**Work required**
Copying starts at the line containing "终点D: 2022-04-26, 共384交易日" and stops after the last line of the records; each line is repeated exactly, and pictures are skipped.

**Records**
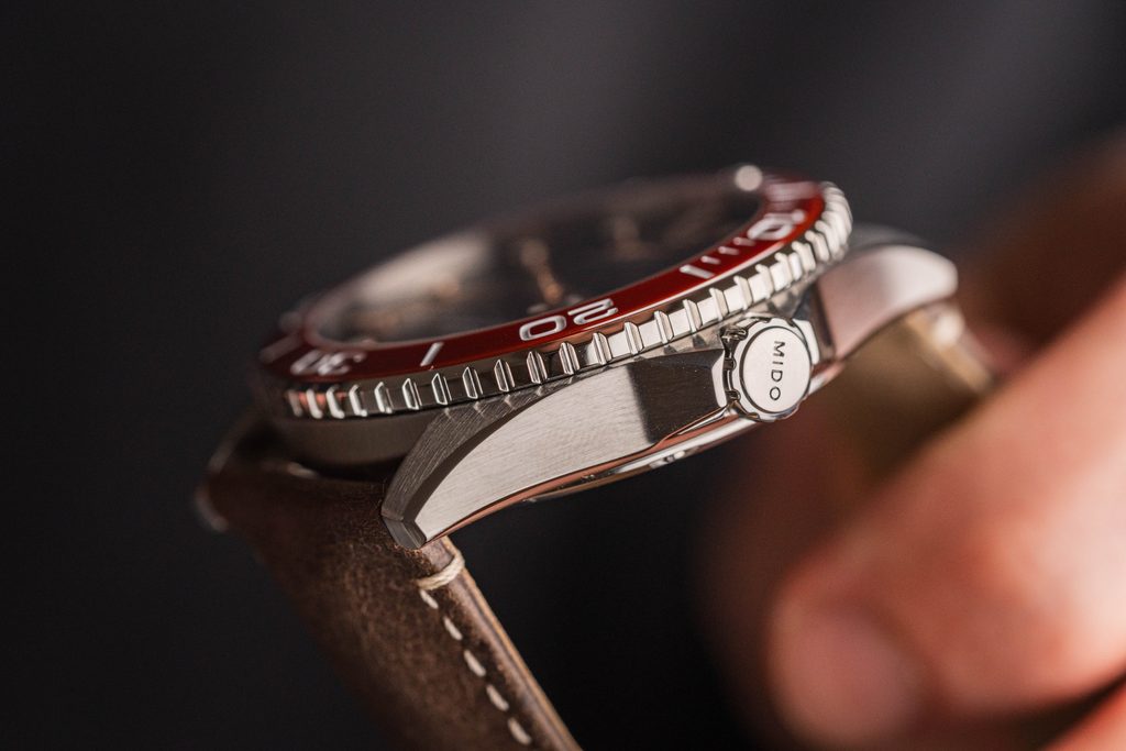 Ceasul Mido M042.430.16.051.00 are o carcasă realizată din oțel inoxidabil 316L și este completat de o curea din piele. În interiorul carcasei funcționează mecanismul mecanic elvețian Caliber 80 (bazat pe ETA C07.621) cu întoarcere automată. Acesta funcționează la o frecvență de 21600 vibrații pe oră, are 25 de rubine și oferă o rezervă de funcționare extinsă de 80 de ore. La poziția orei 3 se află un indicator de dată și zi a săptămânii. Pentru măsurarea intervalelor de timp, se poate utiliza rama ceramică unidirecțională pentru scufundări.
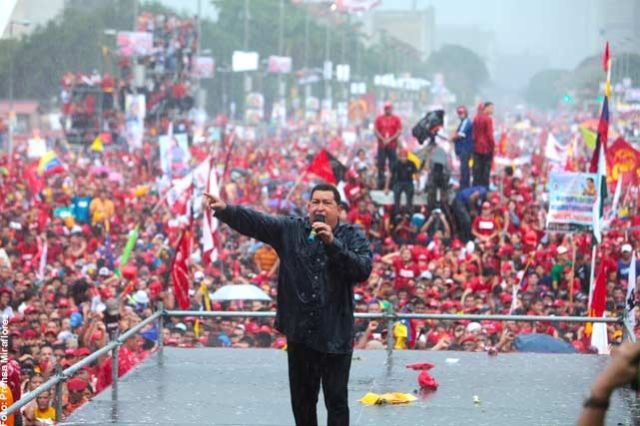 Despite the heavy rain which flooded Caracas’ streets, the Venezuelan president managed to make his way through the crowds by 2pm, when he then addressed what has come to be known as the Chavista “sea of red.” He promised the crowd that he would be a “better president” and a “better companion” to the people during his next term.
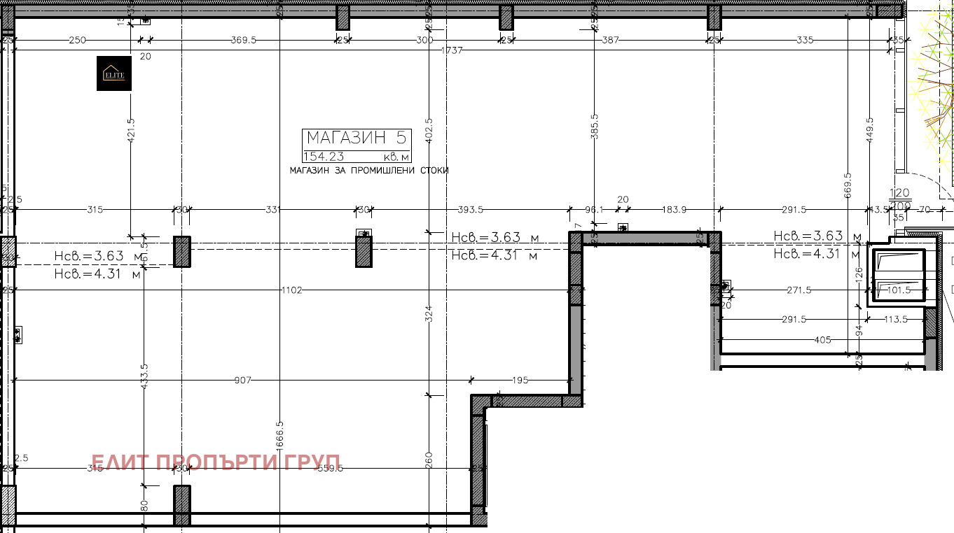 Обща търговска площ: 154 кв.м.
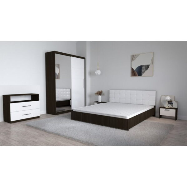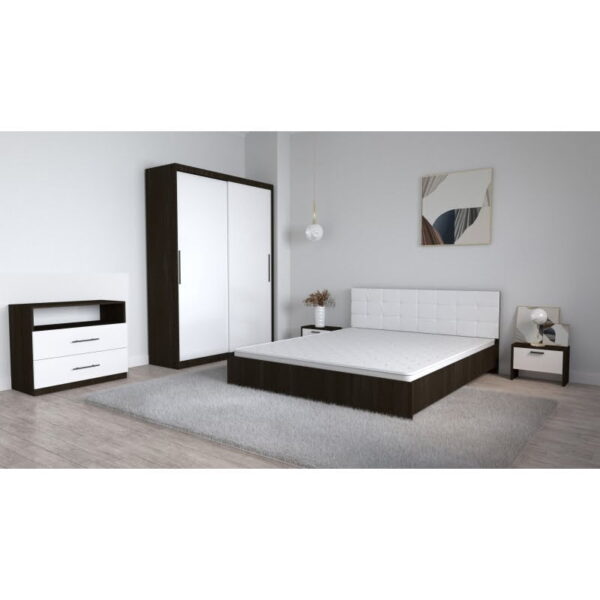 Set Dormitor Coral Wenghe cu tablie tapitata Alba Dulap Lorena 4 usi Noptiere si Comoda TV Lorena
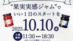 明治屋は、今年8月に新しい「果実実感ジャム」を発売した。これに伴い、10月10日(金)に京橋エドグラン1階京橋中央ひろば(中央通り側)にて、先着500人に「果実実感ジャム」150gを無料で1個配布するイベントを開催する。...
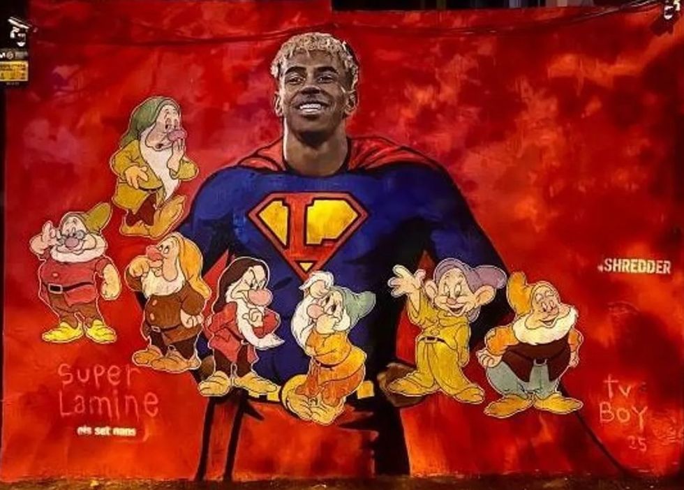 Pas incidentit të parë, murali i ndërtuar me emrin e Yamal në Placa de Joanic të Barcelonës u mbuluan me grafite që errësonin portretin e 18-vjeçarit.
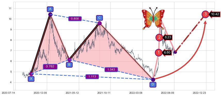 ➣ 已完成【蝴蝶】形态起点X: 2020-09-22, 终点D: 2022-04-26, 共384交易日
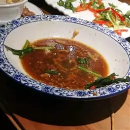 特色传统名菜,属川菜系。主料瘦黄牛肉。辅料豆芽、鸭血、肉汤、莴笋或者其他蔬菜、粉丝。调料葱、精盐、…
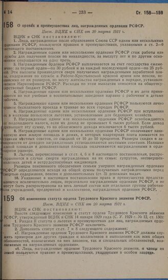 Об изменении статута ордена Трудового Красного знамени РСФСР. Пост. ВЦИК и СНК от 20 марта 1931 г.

**Solution to the problem**
 ➣ 已完成【蝴蝶】形态起点X: 2020-09-22, 终点D: 2022-04-26, 共384交易日
 特色传统名菜,属川菜系。主料瘦黄牛肉。辅料豆芽、鸭血、肉汤、莴笋或者其他蔬菜、粉丝。调料葱、精盐、…
 Об изменении статута ордена Трудового Красного знамени РСФСР. Пост. ВЦИК и СНК от 20 марта 1931 г.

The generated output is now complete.